_Information provided_
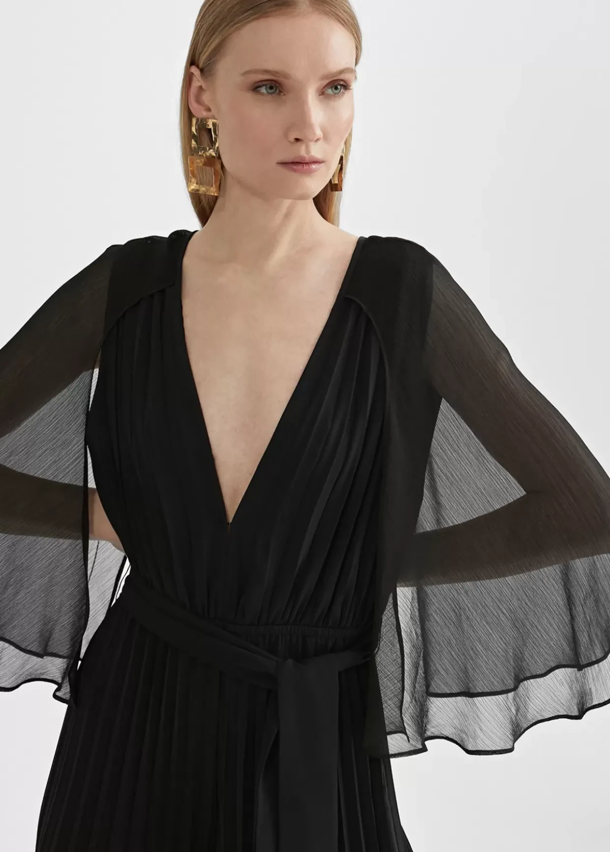 Mono largo plisado de tejido fluido. Escote pico en frontal y espalda. Cinturilla elástica. Mangas efecto capa. Cinturón del mismo tejido y color.
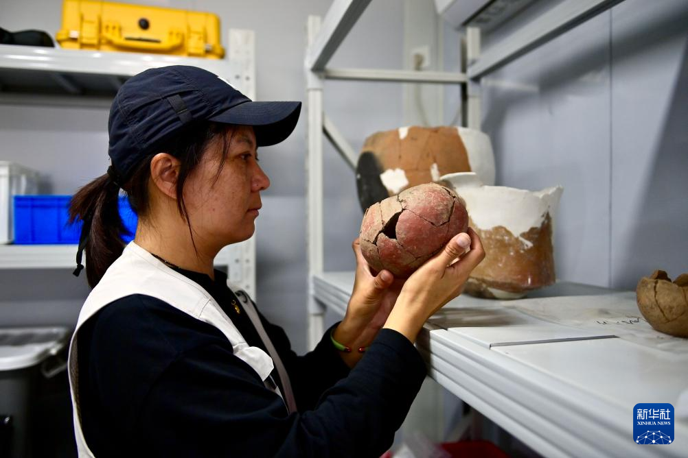 9月28日,于怀石在位于辽宁朝阳的牛河梁工作站内查看一件修复的陶罐。新华社记者吴青昊 摄
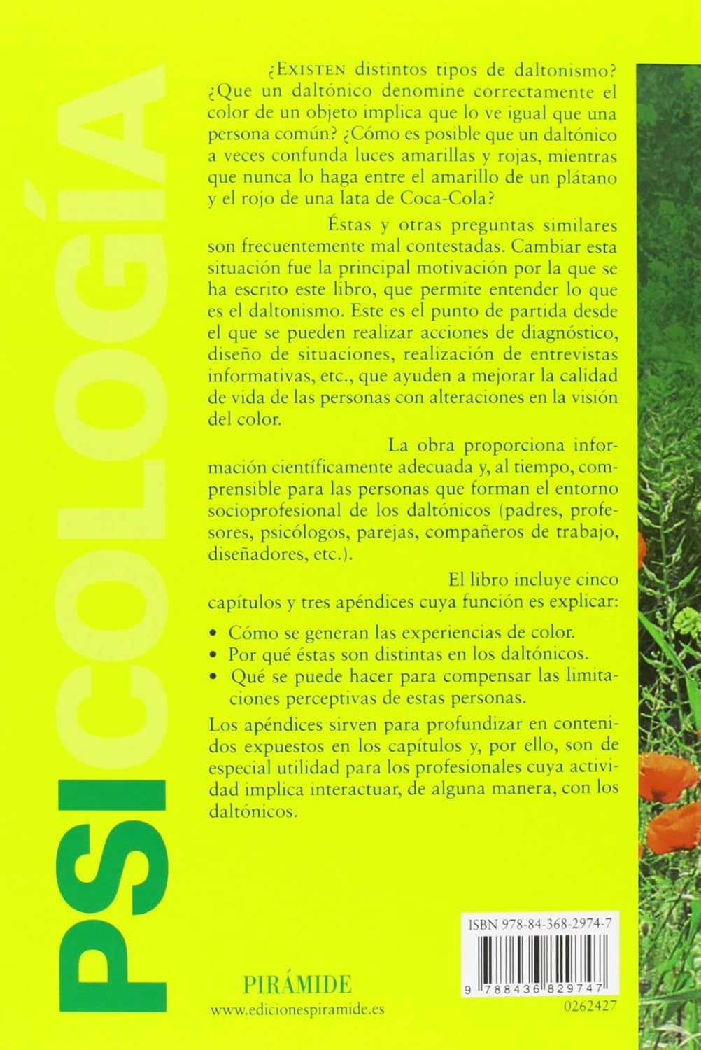 ¿Existen distintos tipos de daltonismo? ¿Que un daltónico denomine correctamente el color de un objeto implica que lo ve igual que una persona común? ¿Cómo es posible que un daltónico a veces confunda luces amarillas y rojas, mientras que nunca lo haga entre el amarillo de un plátano y el rojo de una lata de Coca-Cola? Éstas y otras preguntas similares son frecuentemente mal contestadas. Cambiar esta situación fue la principal motivación por la que se ha escrito este libro, que permite entender lo que es el daltonismo. Este es el punto de partida desde el que se pueden realizar acciones de diagnóstico, diseño de situaciones, realización de entrevistas informativas, etc., que ayuden a mejorar la calidad de vida de las personas con alteraciones en la visión del color. La obra proporciona información científicamente adecuada y, al tiempo, comprensible para las personas que forman el entorno socioprofesional de los daltónicos (padres, profesores, psicólogos, parejas, compañeros de trabajo, diseñadores, etc.). El libro incluye cinco capítulos y tres apéndices cuya función es explicar: · Cómo se generan las experiencias de color. · Por qué éstas son distintas en los daltónicos. · Qué se puede hacer para compensar las limitaciones perceptivas de estas personas. Los apéndices sirven para profundizar en contenidos expuestos en los capítulos y, por ello, son de especial utilidad para los profesionales cuya actividad implica interactuar, de alguna manera, con los daltónicos.
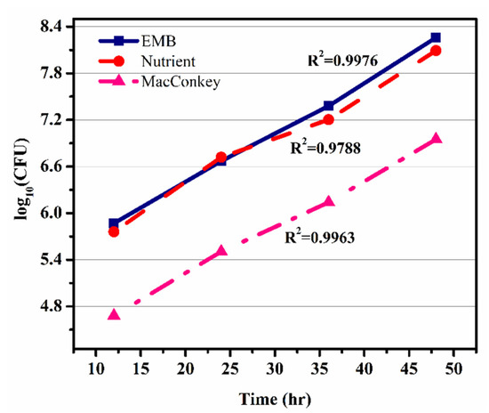 Figure 6 shows the graph between time (h) vs Log10 (CFU) of microbial growth on all three agars, i.e., EMB, nutrient, and MacConkey. The growth rate of microbes was calculated from the slope of Figure 6 (graph of time against log10 (CFU)). The growth rate (μm) was calculated as 0.03833 h−1, which was further used for the calculation of the specific growth rate (μ) using the Monod equation. In Figure 6 the graph shows the colony growth rate in terms of log10 (CFU) on EMB, MacConkey, and nutrient agars. Figure 6 shows that the minimum colony growth was on the MacConkey agar, and the colony growth on the EMB media was higher compared to the nutrient agar. The calculations of colony growth showed the highest growth of colonies on the EMB agar, as shown in Table 2 and Table 3.

_Task requirements_
Output all of the data exactly as it stands, minus any images.

_Result_
 Mono largo plisado de tejido fluido. Escote pico en frontal y espalda. Cinturilla elástica. Mangas efecto capa. Cinturón del mismo tejido y color.
 9月28日,于怀石在位于辽宁朝阳的牛河梁工作站内查看一件修复的陶罐。新华社记者吴青昊 摄
 ¿Existen distintos tipos de daltonismo? ¿Que un daltónico denomine correctamente el color de un objeto implica que lo ve igual que una persona común? ¿Cómo es posible que un daltónico a veces confunda luces amarillas y rojas, mientras que nunca lo haga entre el amarillo de un plátano y el rojo de una lata de Coca-Cola? Éstas y otras preguntas similares son frecuentemente mal contestadas. Cambiar esta situación fue la principal motivación por la que se ha escrito este libro, que permite entender lo que es el daltonismo. Este es el punto de partida desde el que se pueden realizar acciones de diagnóstico, diseño de situaciones, realización de entrevistas informativas, etc., que ayuden a mejorar la calidad de vida de las personas con alteraciones en la visión del color. La obra proporciona información científicamente adecuada y, al tiempo, comprensible para las personas que forman el entorno socioprofesional de los daltónicos (padres, profesores, psicólogos, parejas, compañeros de trabajo, diseñadores, etc.). El libro incluye cinco capítulos y tres apéndices cuya función es explicar: · Cómo se generan las experiencias de color. · Por qué éstas son distintas en los daltónicos. · Qué se puede hacer para compensar las limitaciones perceptivas de estas personas. Los apéndices sirven para profundizar en contenidos expuestos en los capítulos y, por ello, son de especial utilidad para los profesionales cuya actividad implica interactuar, de alguna manera, con los daltónicos.
 Figure 6 shows the graph between time (h) vs Log10 (CFU) of microbial growth on all three agars, i.e., EMB, nutrient, and MacConkey. The growth rate of microbes was calculated from the slope of Figure 6 (graph of time against log10 (CFU)). The growth rate (μm) was calculated as 0.03833 h−1, which was further used for the calculation of the specific growth rate (μ) using the Monod equation. In Figure 6 the graph shows the colony growth rate in terms of log10 (CFU) on EMB, MacConkey, and nutrient agars. Figure 6 shows that the minimum colony growth was on the MacConkey agar, and the colony growth on the EMB media was higher compared to the nutrient agar. The calculations of colony growth showed the highest growth of colonies on the EMB agar, as shown in Table 2 and Table 3.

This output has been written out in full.